4.     While a loan recipient can only apply one IDA and a maximum loan if $25M, there is an ambiguity about total aggregate loan principal. While §4(a) appears to address the issues, clarification is necessary. 

5.     The federal taxation of imputed interest in problematic as is the potential taxation of imputed interest by cities such as NYC and Yonkers. While the lender is the taxpayer, there could be tax liability visa shifting liability to the borrower or the imputation of gifts or ordinary income by the forgiveness of as liability. 

6.     Which revenues from the IDA are eligible for loan principal and grant funds? 

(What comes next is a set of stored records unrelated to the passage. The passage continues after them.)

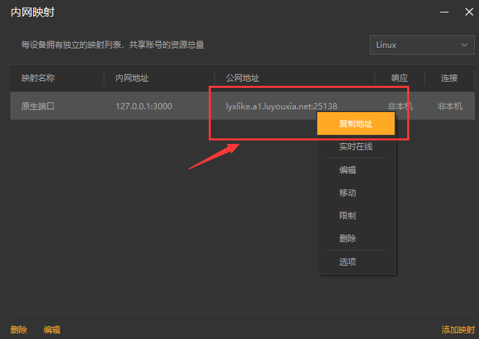 11,创建好后,就可以看到一条映射的公网地址,鼠标右键点击【复制地址】。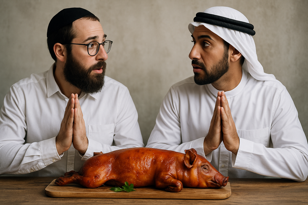 Американский антрополог Марвин Харрис в публикации Cows, Pigs, Wars, and Witches ("Коровы, свиньи, войны и ведьмы") выдвинул смелую гипотезу: это не Бог запретил свинину - это экономика замаскировалась под религию.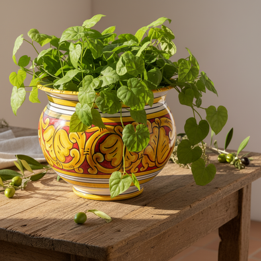 Portapiante Decorato 30cm in Ceramica di Caltagirone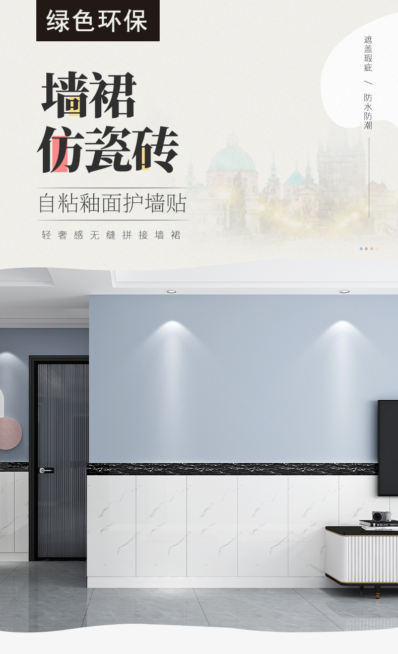 벽지 자체 접착식 타일 모양 보호벽판 방수 방습 거실 침실 벽 장식 리노베이션 미관보강 벽지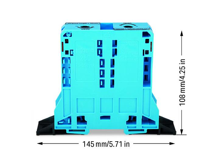 Borna de paso para 2 conductores de 95 mm², equipada con soportes de marcaje laterales y bridas de fijación. Cuenta con tecnología POWER CAGE CLAMP (CLEMA CEPO) que asegura conexiones firmes y confiables. Fabricada en color azul, facilita la identificación y organización de conductores en instalaciones eléctricas de alta capacidad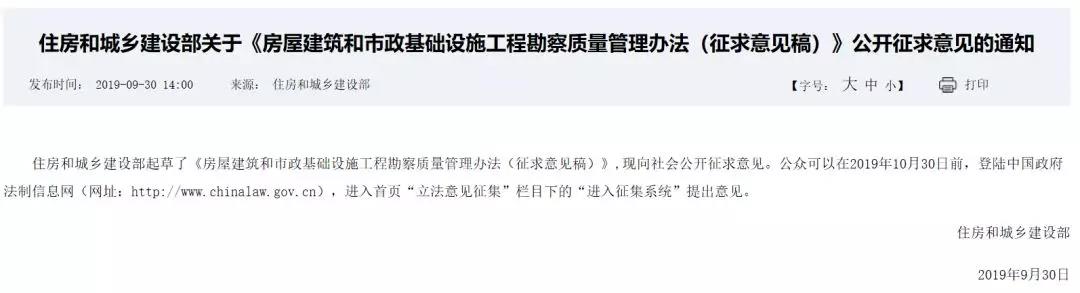 住房和城鄉(xiāng)建設(shè)部起草了《房屋建筑和市政基礎(chǔ)設(shè)施工程勘察質(zhì)量管理辦法(征求意見稿)》,現(xiàn)向社會(huì)公開征求意見。公眾可以在2019年10月30日前,登陸中國政府法制信息網(wǎng)(網(wǎng)址:http://www.chinalaw.gov.cn),進(jìn)入首頁“立法意見征集”欄目下的“進(jìn)入征集系統(tǒng)”提出意見。住房和城鄉(xiāng)建設(shè)部2019年9月30日《房屋建筑和市政基礎(chǔ)設(shè)施工程勘察質(zhì)量管理辦法(征求意見稿)》第一章 總則第一條 為了加強(qiáng)對(duì)房屋建筑和市政基礎(chǔ)設(shè)施工程勘察質(zhì)量的管理,保證工程勘察質(zhì)量,根據(jù)《中華人民共和國建筑法》《建設(shè)工程勘察設(shè)計(jì)管理?xiàng)l例》《建設(shè)工程質(zhì)量管理?xiàng)l例》《建設(shè)工程安全生產(chǎn)管理?xiàng)l例》等有關(guān)法律、法規(guī),制定本辦法。第二條 在中華人民共和國境內(nèi)從事房屋建筑和市政基礎(chǔ)設(shè)施工程(以下簡(jiǎn)稱“工程”)勘察活動(dòng)的,應(yīng)遵守本辦法。本辦法所稱勘察,是指根據(jù)工程要求,查明、分析、評(píng)價(jià)建設(shè)場(chǎng)地的地質(zhì)、環(huán)境特征和巖土工程條件,并提出合理技術(shù)建議,編制工程勘察文件的活動(dòng)。本辦法所稱工程勘察文件,主要包括勘察綱要、勘察報(bào)告等文件。第三條 建設(shè)單位、勘察單位及相關(guān)人員應(yīng)依法對(duì)工程勘察質(zhì)量負(fù)責(zé)。第四條 國務(wù)院住房和城鄉(xiāng)建設(shè)主管部門負(fù)責(zé)全國工程勘察質(zhì)量活動(dòng)的監(jiān)督管理。縣級(jí)以上地方人民政府住房和城鄉(xiāng)建設(shè)主管部門對(duì)本行政區(qū)域內(nèi)的工程勘察質(zhì)量實(shí)施監(jiān)督管理。第五條 工程勘察行業(yè)相關(guān)社會(huì)團(tuán)體應(yīng)完善行業(yè)約束與懲戒機(jī)制,加強(qiáng)行業(yè)自律,維護(hù)公平競(jìng)爭(zhēng),規(guī)范勘察單位和人員依法從事工程勘察活動(dòng)。第六條 鼓勵(lì)采用先進(jìn)技術(shù)、工藝、設(shè)備、材料和管理方法,提高工程勘察質(zhì)量水平。第二章 責(zé)任和義務(wù)第七條 建設(shè)單位應(yīng)依法與勘察單位簽訂勘察合同,明確勘察任務(wù)要求、工期、費(fèi)用以及各自的質(zhì)量責(zé)任義務(wù)。第八條 建設(shè)單位應(yīng)為勘察工作提供必要的現(xiàn)場(chǎng)工作條件。在勘察工作開展前,提供有關(guān)批準(zhǔn)文件,勘察場(chǎng)地地形圖、地下管線及設(shè)施分布圖等與工程勘察有關(guān)的前期資料,并對(duì)資料的真實(shí)性、準(zhǔn)確性、完整性負(fù)責(zé)。第九條 建設(shè)單位應(yīng)加強(qiáng)履約管理,及時(shí)足額支付勘察費(fèi)用。建設(shè)單位可委托具有勘察資質(zhì)的第三方單位提供勘察質(zhì)量管理服務(wù)。建設(shè)單位應(yīng)按規(guī)定將工程勘察文件送施工圖審查機(jī)構(gòu)審查。建設(shè)單位應(yīng)組織勘察單位向設(shè)計(jì)單位、施工單位和監(jiān)理單位進(jìn)行勘察技術(shù)交底。在基坑隱蔽前及時(shí)組織勘察單位、設(shè)計(jì)單位、施工單位、監(jiān)理單位等開展施工驗(yàn)槽。第十條 勘察單位必須依法取得工程勘察資質(zhì)證書,并在資質(zhì)等級(jí)許可的范圍內(nèi)承接勘察業(yè)務(wù)。勘察單位應(yīng)按照有關(guān)法律法規(guī)、工程建設(shè)強(qiáng)制性標(biāo)準(zhǔn)、勘察合同及勘察任務(wù)要求開展勘察工作,編制工程勘察文件,并對(duì)工程勘察文件的真實(shí)性、準(zhǔn)確性和完整性負(fù)責(zé)。工程勘察文件的編制深度應(yīng)符合國家規(guī)定的要求。第十一條 勘察單位應(yīng)按照有關(guān)規(guī)定,建立健全勘察質(zhì)量管理制度并確保有效運(yùn)行。第十二條 勘察單位有權(quán)向建設(shè)單位提出保證工程勘察質(zhì)量所必需的現(xiàn)場(chǎng)工作條件、合理技術(shù)要求和合理工期。第十三條 勘察單位應(yīng)在勘探作業(yè)前向作業(yè)人員進(jìn)行交底。勘察單位應(yīng)嚴(yán)格執(zhí)行勘察綱要和勘察操作規(guī)程,采取措施保證各類管線、設(shè)施和周邊建筑物、構(gòu)筑物的安全,并做好安全記錄。第十四條 勘察單位應(yīng)按照規(guī)范要求對(duì)試驗(yàn)樣品的取樣、密封、送樣、保管、試驗(yàn)進(jìn)行管理。第十五條 勘察單位應(yīng)保證工程勘察工作原始記錄的真實(shí)和準(zhǔn)確,并應(yīng)在勘察過程中及時(shí)整理、核對(duì),嚴(yán)禁離開現(xiàn)場(chǎng)追記或者補(bǔ)記。項(xiàng)目負(fù)責(zé)人或其授權(quán)人員應(yīng)及時(shí)對(duì)原始記錄進(jìn)行驗(yàn)收簽字。鼓勵(lì)勘察單位采用信息化手段,實(shí)時(shí)采集、記錄、存儲(chǔ)工程勘察數(shù)據(jù)。鼓勵(lì)勘察單位采用影像等方式對(duì)鉆探、取樣、原位測(cè)試、室內(nèi)試驗(yàn)等主要過程進(jìn)行記錄。勘察單位在原始記錄中不得存在下列情形:(一)紙質(zhì)原始記錄與電子存儲(chǔ)記錄不一致的;(二)試驗(yàn)、測(cè)試報(bào)告與試驗(yàn)、測(cè)試的過程記錄資料不符的;(三)未按規(guī)定記錄原始數(shù)據(jù)的;(四)各類記錄和報(bào)告的時(shí)間與原始記錄和報(bào)告的時(shí)間不一致的。第十六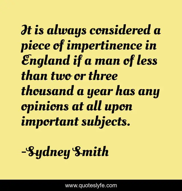 This page presents the quote "It is always considered a piece of impertinence in England if a man of less than two or three thousand a year has any opinions at all upon important subjects.". Author of this quote is Sydney Smith. .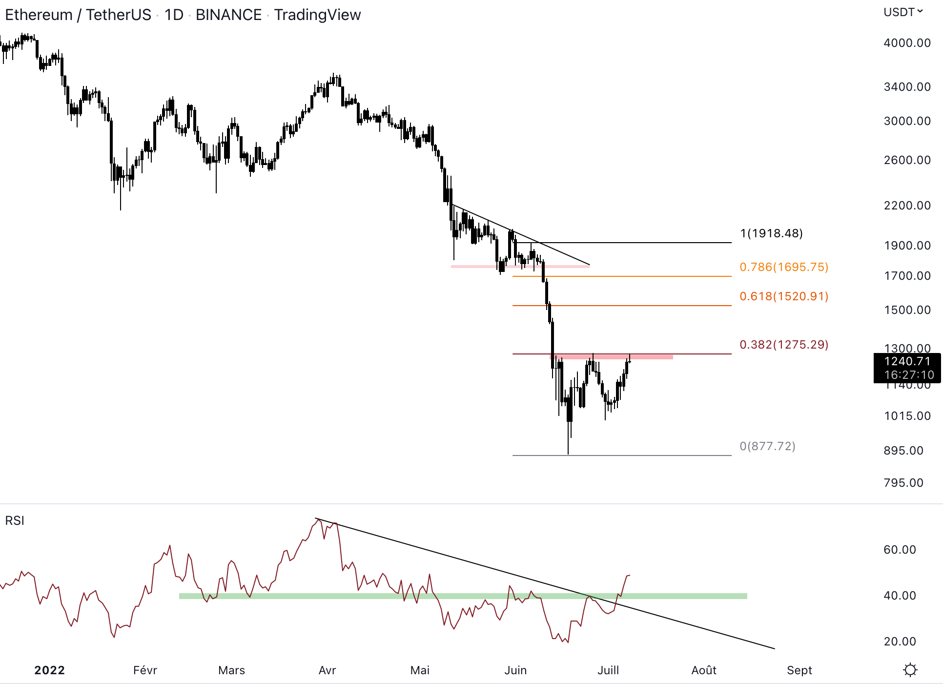 Ethereum est en tendance baissière en hebdomadaire. En journalier, le cours tente de changer de dynamique en dépassant la résistance à 1 250 $ :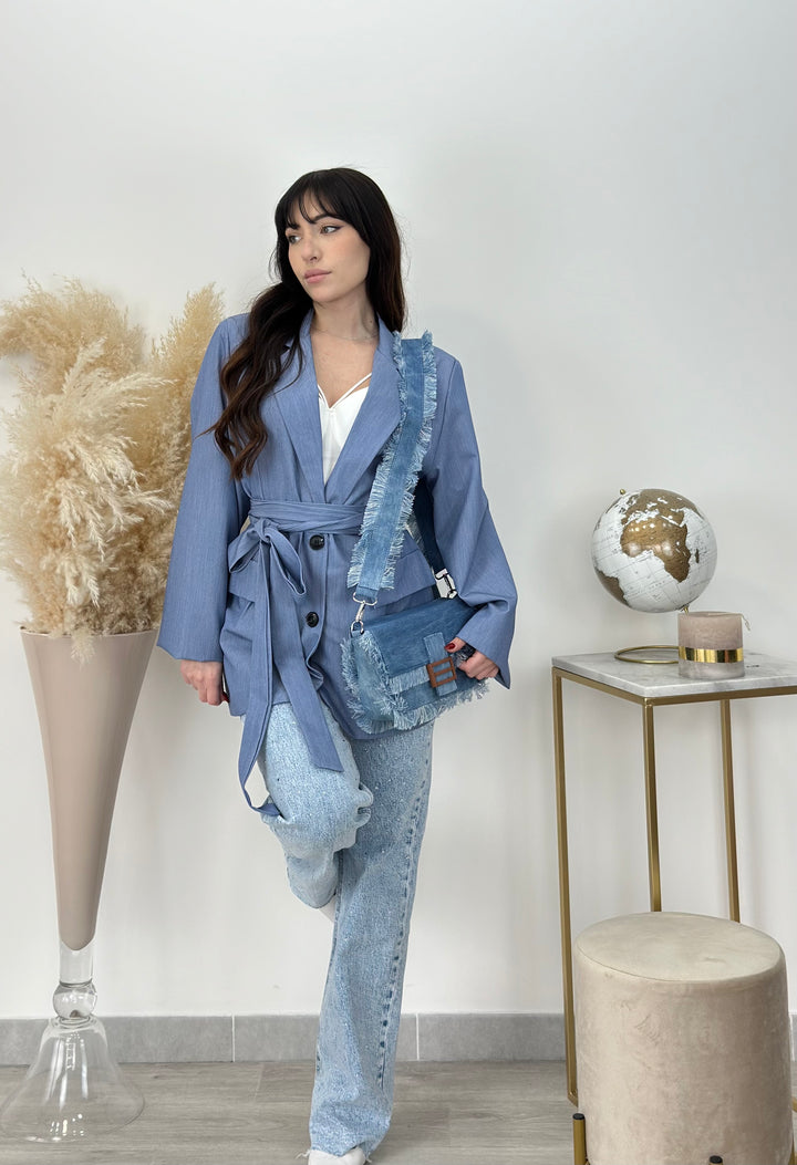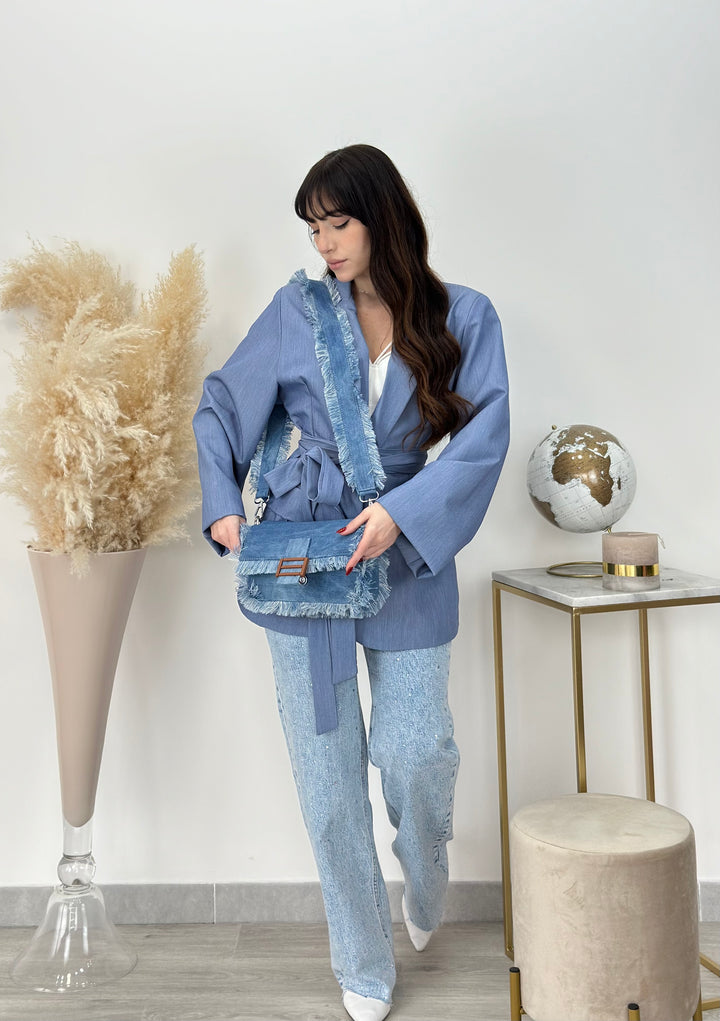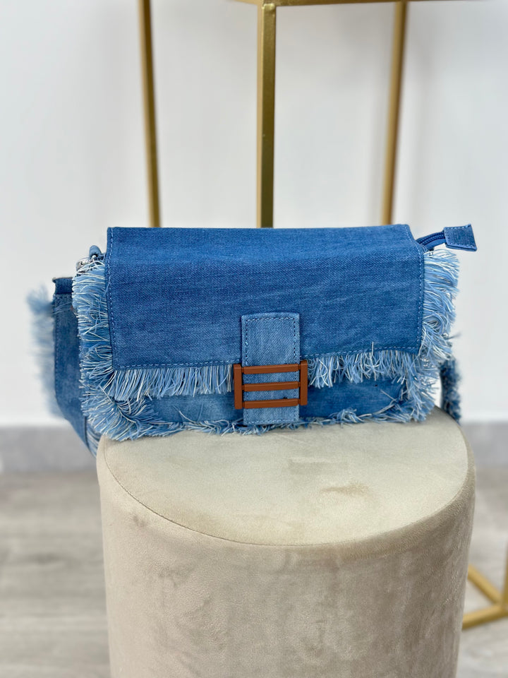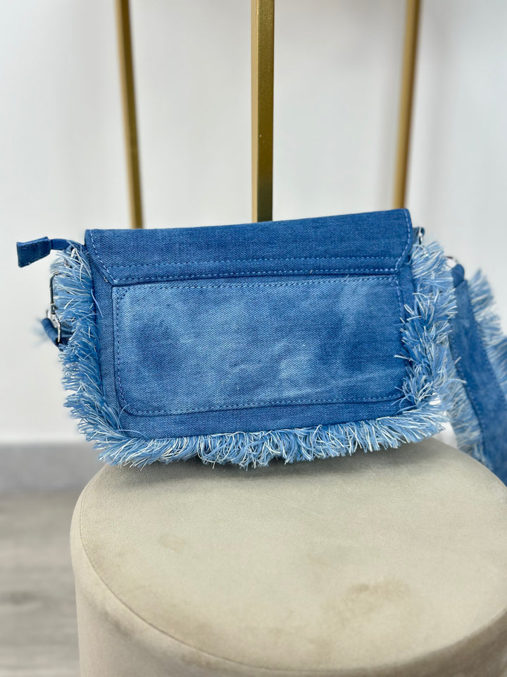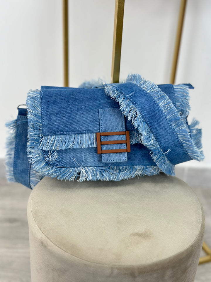 Borsa rigida in denim . Tracolla con frangie rimovibile

7.     Are loans able to be secured? 

8.    The mechanism for competing IDAs must be specified because political issues can impair compromise. 

9.     Can the IDA charge a fee for the loans or grant services? Is it based on size of the loan or grant? 

10. The criteria to be considered by the IDA under both programs are subjective and vague. 

11.  Can the proceeds of the loans be used for purposes that are ultra vires the IDA?

We, at Economic Development Strategies, applaud this effort, but have concerns with the Legislative Initiatives, some of which are memorialized herein. We would prefer a more comprehensive reworking of the IDA enabling legislation that would (i) allow and not for profit uses as of rights and eliminate the prohibition on civic facility financial assistance ; (ii) allow retail uses as of right for straight lease purposes and (iii) make the loan and grant provisions permanent.